* _What is expected_: Here is a listing. Write it all out again exactly, but not its pictures.

* _Supplied data_:
────────

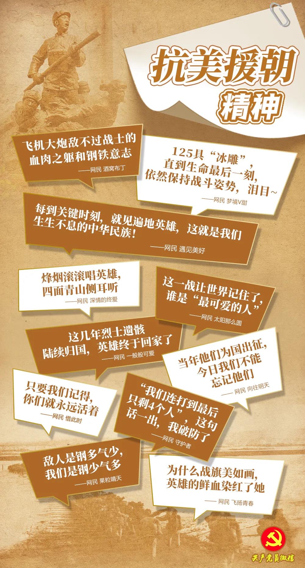 “為什么大地春常在,英雄的生命開鮮花!”如今,人們時(shí)時(shí)唱響這首歌曲,禮贊英雄、懷念英雄。多少年了,我們從來沒有忘記那場(chǎng)保家衛(wèi)國的戰(zhàn)爭(zhēng),沒有忘記和平是用鮮血和生命換來的,沒有忘記捍衛(wèi)國家尊嚴(yán)的忠魂英烈。正如網(wǎng)民在社交平臺(tái)上的留言,“每到關(guān)鍵時(shí)刻,就見遍地英雄,這就是我們生生不息的中華民族!”“只要我們記得,你們就永遠(yuǎn)活著”。這是對(duì)勝利最好的紀(jì)念,也是對(duì)英烈最好的告慰。
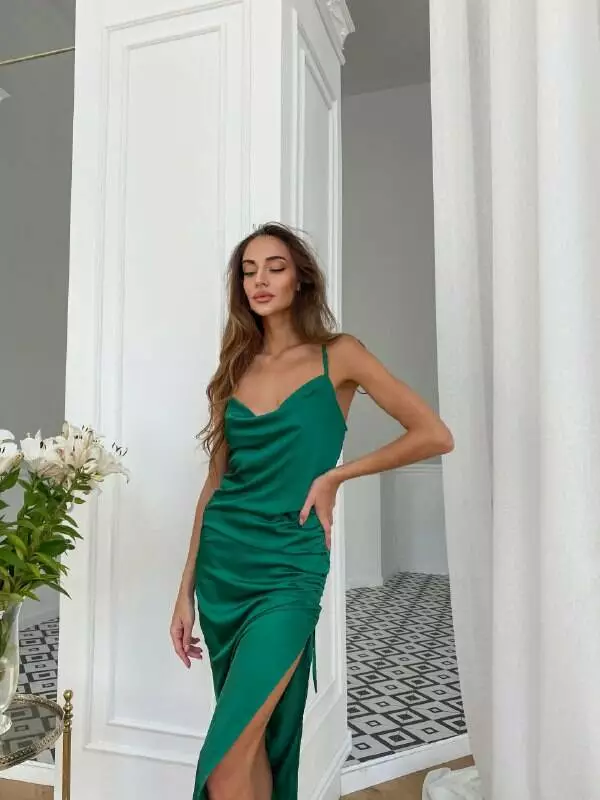 Трендова сукня в стилі slip dress, виготовлена з шовку, спинка гола, бретелі регульовані, в боці по спідниці зав'язка яка регулює розріз!
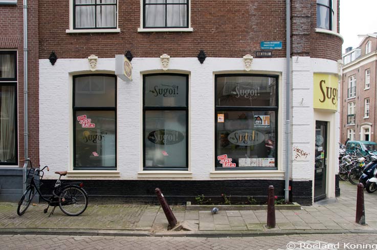 Dezelfde straathoek als de foto hierboven. Tweede Goudsbloemdwarsstraat met de Willemsstraat. Het is inmiddels geen snackbar meer maar Sugoi! Een sushi zaak met het officieele adres Willemsstraaat 95. Foto 15-11-2012 |
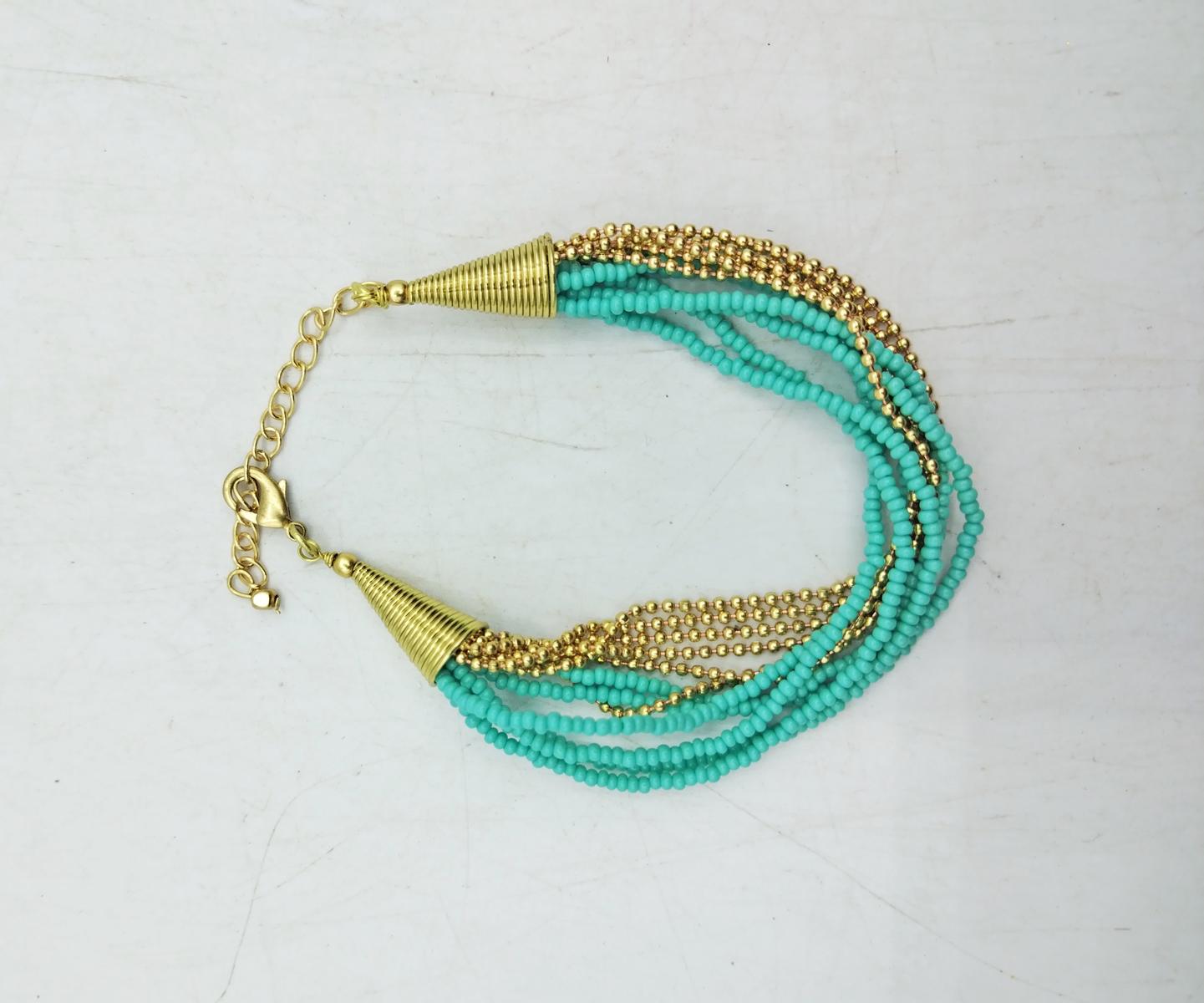 Bracciale realizzato artigianalmente in India con più fili e chiusura regolabile

────────

* _Problem solution_:
 “為什么大地春常在,英雄的生命開鮮花!”如今,人們時(shí)時(shí)唱響這首歌曲,禮贊英雄、懷念英雄。多少年了,我們從來沒有忘記那場(chǎng)保家衛(wèi)國的戰(zhàn)爭(zhēng),沒有忘記和平是用鮮血和生命換來的,沒有忘記捍衛(wèi)國家尊嚴(yán)的忠魂英烈。正如網(wǎng)民在社交平臺(tái)上的留言,“每到關(guān)鍵時(shí)刻,就見遍地英雄,這就是我們生生不息的中華民族!”“只要我們記得,你們就永遠(yuǎn)活著”。這是對(duì)勝利最好的紀(jì)念,也是對(duì)英烈最好的告慰。
 Трендова сукня в стилі slip dress, виготовлена з шовку, спинка гола, бретелі регульовані, в боці по спідниці зав'язка яка регулює розріз!
 Dezelfde straathoek als de foto hierboven. Tweede Goudsbloemdwarsstraat met de Willemsstraat. Het is inmiddels geen snackbar meer maar Sugoi! Een sushi zaak met het officieele adres Willemsstraaat 95. Foto 15-11-2012 |
 Bracciale realizzato artigianalmente in India con più fili e chiusura regolabile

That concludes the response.